The Mudcat Café TM
Thread #92922 Message #1783905
Posted By: GUEST,Jack Campin
14-Jul-06 - 09:00 PM
Thread Name: the blues scale and the bluegrass scale
Subject: RE: the blues scale and the bluegrass scale
Don Firth's ideas on the history of equal temperament were the orthodoxy fifty years ago and have long since been abandoned by experts. Nobody in the early music world now believes Bach made significant use of it. There is also pretty good agreement that we don't know what he *did* have in mind for the Well-Tempered Clavier - could have been one of of Werckmeister's tunings, could have been something slightly different. It was certainly *not* routine in Beethoven's time (he was one of the best writers ever for the natural horn, which can't get anywhere near it). Some of the flute fingering charts on my CD-ROM are even later and still have differently pitched fingerings for A flat and G sharp.
Whether you can hear different tunings depends on the kind of music. Recorder consort music is at the extreme - very pure tones played rather slowly, so beating is utterly obvious. Barbershop quartet singing is not far behind. The sound is immediately identifiable to just about anybody.
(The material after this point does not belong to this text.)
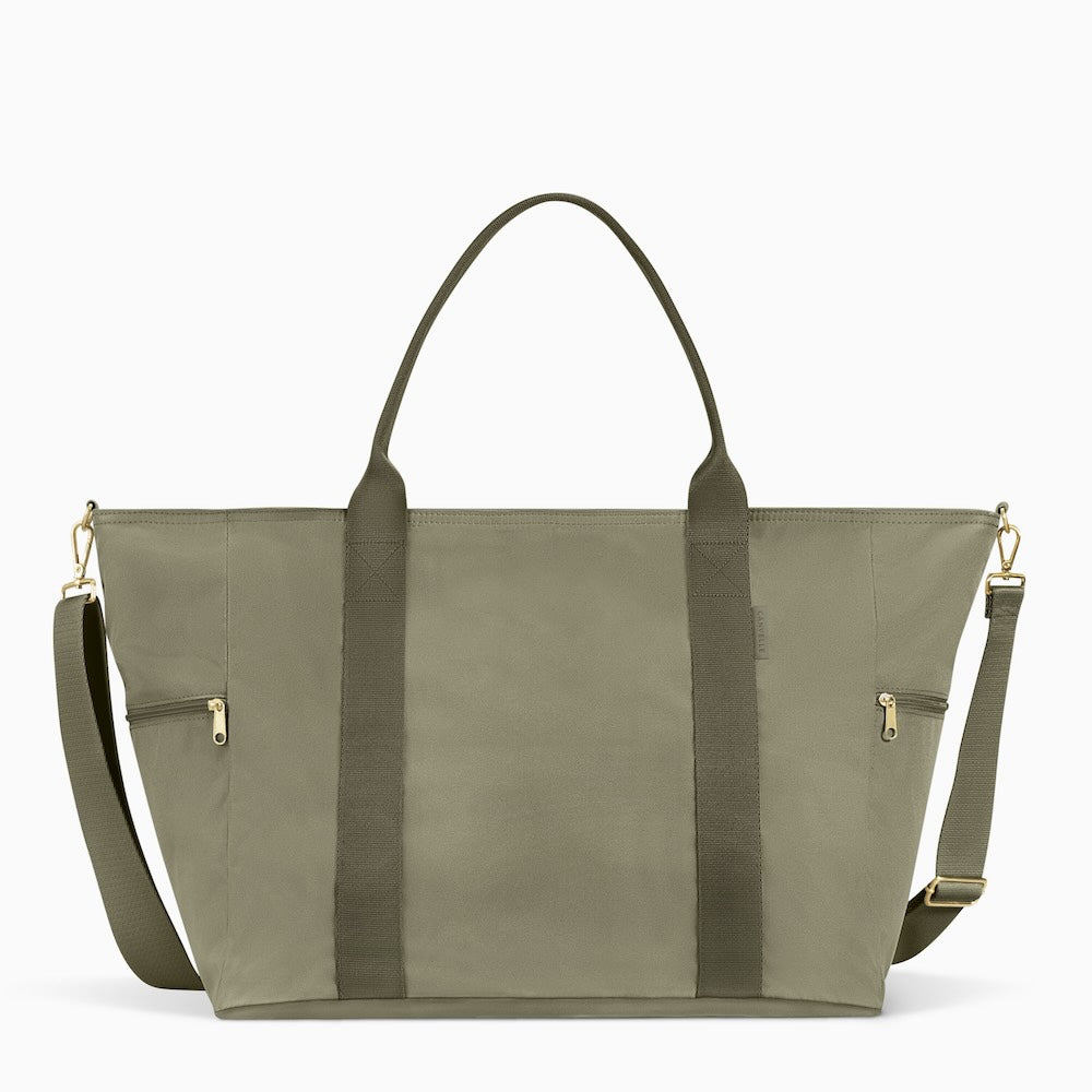 I really like the tan color and the organization of this duffle. Would love a tan quilted version.

Cajun accordions are usually tuned in the factory to meantone, and Scottish clarsach and mediaeval harp players often tune to Pythagorean intonation if they're playing solo. Empirical measurement shows that whatever classical string quartet players *think* they're doing, their actual intonation scheme is mostly Pythagorean.
Pianos certainly can be tuned in non-equal temperaments, and for historically informed performance (e.g. of things like Haydn sonatas) always will be.
Someone who knows what they're doing can retune a harpsichord in meantone with astonishing speed and no more equipment than one tuning fork. The tuning procedures described in 18th century books really do work.